Perşembe, Aralık 12, 2002
Çarşamba, Aralık 11, 2002
önce salatalıkları güzelce rendeleyelim ve dolaba koyalım. sonra aldığımız saf kepe ununu, sütle karıştıralım. saçlarımızı topladıktan sonra, yüzümüzü sıcağa yakın ılık suyla yıkayalım. kepekli sütlü maskeyi yüzümüze sürelim. uzanalım bir yere ve dolaptan çıkartığımız rendelenmiş salatalığı gözlerimize koyalım. hafif bir tütsü yakalım, sakin bir müzik açalım ve durup varoluşumuzun tadına varalım.

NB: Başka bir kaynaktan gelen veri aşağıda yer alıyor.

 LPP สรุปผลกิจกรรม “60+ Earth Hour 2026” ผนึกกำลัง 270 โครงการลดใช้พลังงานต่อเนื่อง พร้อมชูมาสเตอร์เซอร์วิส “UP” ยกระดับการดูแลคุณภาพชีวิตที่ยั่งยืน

bir film tanıtımı için hazırladıkları internet sitesinde kullanılmak üzere bir snuff movie çeken 2 genç, yanlışlıkla arkadaşlarının ölümüne neden oldu. filmde rol alan genç kızın, başının lavabo kenarlarına çarpması ve boğazına dolanan ipin haddinden fazla sıkılması sonucu oksijensiz kalarak ve beyin kanaması geçirerek öldüğü belirlendi. kızın yakınları bu durumdan şirketin sahibini sorumlu tutuyor. sanat filmleri dağıtıyoruz diye ortaya çıkan film şirketinin büyük bir şiddet ağının türkiye ayağı olduğu ve bu durumu maske olarak kullanarak filiz gibi türk kızlarının kanlarına girdikleri öğrenildi.
Salı, Aralık 10, 2002
Pazartesi, Aralık 09, 2002
Pazar, Aralık 08, 2002
raflarda eskimiş kitaplar vardı. artık yaşamsal değeri bulunmayan kitaplar. onların geçerliliğini kaybettiğini hissettiğimde rafların arkasında kalan ve işime yarayacak kitapları ortaya çıkartmam gerekti. bunun tek yolu da hepsini raftan indirmemdi. hepsini indirdim raftan. şimd, yerler kitap dolu. bi sürü kitap. okunmuş, hiç okunmamış, hiç okumasaymış keşke bi sürü kitap. o kadar dağınık ki ortalık, hangi kitap ön sıraya hangisi arka sıraya konmalı bilmiorum. herhangi bi sorun çıktığında bakmam gereken kitaplar nerede bilemiorum. yaşama yöntemimi kaybettim.
Çarşamba, Aralık 04, 2002
Pazartesi, Aralık 02, 2002
dün gece çağrıyla konuştuktan sonra kendimi çok tuhaf hissettim. son bi senedir yaşamı kaldırmamı sağlayan şeyi kaldırıp çöpe attı. kendime denize düşüp can simidine sarıldığını sanmış ama bu kadar zaman sonra o sarıldığı can simidinin dana gibi bi yılan olduğunu farkettii için panie kapılmış biri gibi hissediyorum. artık yılan olduğunu biliorum. ona sarılamam. ama neye sarılacağımı bilmiyorum da.